Neutrophils (also named polymorphonuclear leukocytes or PMN) are essential components of the immune system, rapidly recruited to sites of inflammation, providing the first line of defense against invading pathogens. Since neutrophils can also cause tissue damage, their fine-tuned regulation at the inflammatory site is required for proper resolution of inflammation. Annexin A1 (AnxA1), also known as lipocortin-1, is an endogenous glucocorticoid-regulated protein, which is able to counterregulate the inflammatory events restoring homeostasis. AnxA1 and its mimetic peptides inhibit neutrophil tissue accumulation by reducing leukocyte infiltration and activating neutrophil apoptosis.
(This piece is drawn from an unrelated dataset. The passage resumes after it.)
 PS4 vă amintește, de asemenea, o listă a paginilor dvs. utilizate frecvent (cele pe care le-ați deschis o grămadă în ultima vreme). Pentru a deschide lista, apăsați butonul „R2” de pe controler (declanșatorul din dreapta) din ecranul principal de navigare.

AnxA1 also promotes monocyte recruitment and clearance of apoptotic leukocytes by macrophages. More recently, some evidence has suggested the ability of AnxA1 to induce macrophage reprogramming toward a resolving phenotype, resulting in reduced production of proinflammatory cytokines and increased release of immunosuppressive and proresolving molecules. The combination of these mechanisms results in an effective resolution of inflammation, pointing to AnxA1 as a promising tool for the development of new therapeutic strategies to treat inflammatory diseases.